Изображение внутреннего конфликта между ролью, навязанной обществом, и духовным миром личности - сюжетообразующий принцип антиутопий. Мучается от тягостного сознания собственного несоответствия логике политических преобразований рефлексирующий Вощев («Котлован»). Саша Дванов («Чевенгур»), став подвижником идеи, через смерть надеется открыть тайну жизни и обрести себя подлинного. Персонажи Зиновьева не испытывают подобного конфликта, не пытаются сбросить маску, а функционируют в рамках уготованного сценария. Философу, осмысливающему механизмы идентификации личности в обществе, не нужны приёмы художественной организации текста. Он осмысливает иные вопросы и использует другую методологию: кто или что навязывает человеку социальную роль, с которой тот полностью срастается? Как происходит самоидентификация человека в обществе? Анализ духовного становления личности, в её поэтапном развитии, требует психологического, художественного подхода, но не укладывается в рамки математической логики, выбранной Зиновьевым в качестве инструментария социологического исследования.

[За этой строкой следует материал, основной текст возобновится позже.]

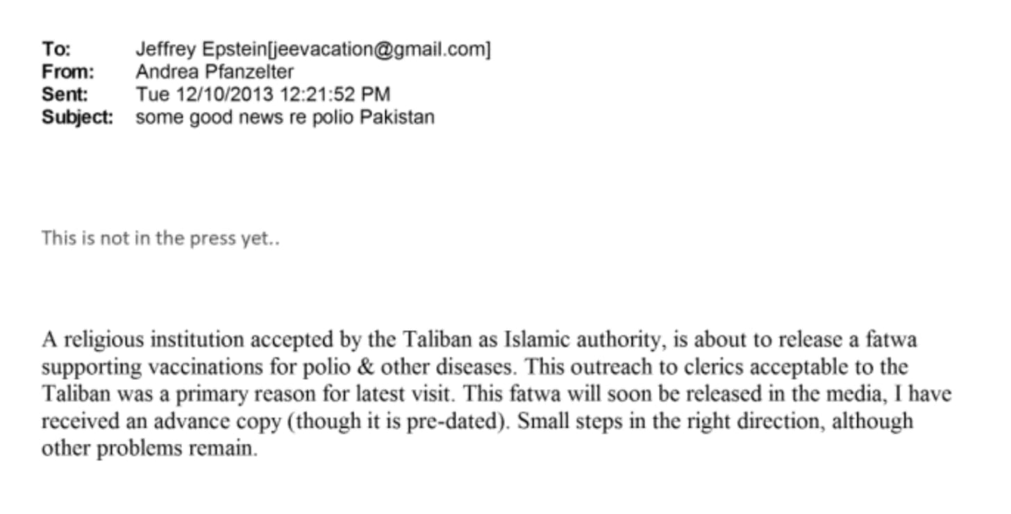 The following month, Pfanzelter forwarded an email to Epstein with the comment, “This is not in the press yet,” explaining that a religious institution accepted by the Taliban was about to issue an edict supporting vaccinations for polio and other diseases. “This outreach to clerics acceptable to the Taliban was a primary reason for latest visit,” the note read, adding, “This fatwa will soon be released in the media, I have received an advance copy (though it is pre-dated). Small steps in the right direction, although other problems remain.”

Для ответа на вопрос, кто и как формирует социальную роль, надо обратиться к прототипам персонажей. Назвать после разгрома выставки в Манеже Эрнста Неизвестного Мазилой, а Синявского после суда над ним - Двурушником должна была, безусловно, официальная власть. Действительно, один принадлежал к художникам, по мнению чиновников явно не умеющим рисовать, другой, не стесняемый в профессиональных интересах на родине, печатался под псевдонимом за рубежом. Однако далеко не все представители творческой интеллигенции 1960-х гг. разделяли убеждение Синявского в праве советского литератора публиковаться в западных изданиях. И вовсе не все художники разделяли эстетические пристрастия Неизвестного. А иронизировать над пристрастием Евтушенко к рубахам с невиданными цветами и петухами и прозвать его Распашонкой могли только «свои», «ближний круг» - литераторы, хорошо знавшие поэта. Так значит, идентификация героев производится не только властью, но и общественностью. И та и другая основываются на действиях и поступках самих людей. В этом смысле показательно определение, найденное для Солженицына, - Правдец. Слово образовано путём сложения основы «правд» и суффиксов существительных на «-ец», типа «борец», «боец», «храбрец», «хитрец». Всякий, кто читал книгу воспоминаний Солженицына «Бодался телёнок с дубом» (а Зиновьев, без сомнения, читал), знает, что в ней повествователь идентифицирует себя именно в этом семантическом поле: он «храбрец, боец, борец за правду», по мере необходимости, - «хитрец». Итак, конструирование социального образа, по мнению философа, начинается самим человеком, поддерживается ближайшим окружением, общественностью и лишь закрепляется официальной властью. Как сказано в «Зияющих высотах»: «Социальные законы суть определённые правила поведения (действий, поступков) людей друг по отношению к другу. Основу для них образует исторически сложившееся и постоянно воспроизводящееся стремление людей и групп людей к самосохранению и улучшению условий своего существования в ситуации социального бытия»[1. С. 43].
Для характеристики бытийного состояния мира в период исторического разлома Платонов использовал в «Чевенгуре» и «Котловане» жанровую модель романа путешествий. Странствуя «с открытым сердцем», его герои чуют историю и вершат её своими руками. Действенные персонажи насыщают событиями ткань повествования, делают сюжет динамичным, непредсказуемым. Ломка всех прежних смыслов отражается в языке. «Новояз» конструируется искусственно из смеси фольклорных образов, газетных штампов, идеологических клише и прочего подручного материала, но и сам конструирует образ мира, уродливо искажающего первооснову народного языка, но адекватного абсурдному миру политических новаций. Художественные задачи решаются художественными средствами.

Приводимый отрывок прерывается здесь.